Piyush, also second-year student in the Master AI programme, published a paper at Computer Vision and Pattern Recognition (CVPR), the world’s most prestigious AI conference. According to Google Scholar, CVPR currently ranks as the fourth most cited scientific publication, just after Nature, The New England Journal of Medicine and Science. It is also the first time a Master AI student from UvA publishes at CVPR. Piyush has been enhancing video-language models with a sense of time, through efficient contrastive learning. He was advised by Prof. Cees Snoek at UvA and Dr Makarand Tapaswi at IIIT Hyderabad (India).

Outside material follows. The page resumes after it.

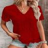 BITCED Women's Fashion Casual Solid Color Print Short Sleeve V Neck Blouses & Shirts

Konstantinos Papakostas and Irene Papadopoulou

Two other Master AI students, Konstantinos and Irene, have published a short paper at the highly regarded conference of the Association for Computational Linguistics. Working under the guidance of Professor Evangelos Kanoulas of the Information Retrieval Lab (IRLab), the students developed the project initially during the "Information Retrieval 2" elective course in their second year. They researched difficulties that language model can face when generating long-form answers that are both coherent and accurate, to make the models more reliably deployed in production.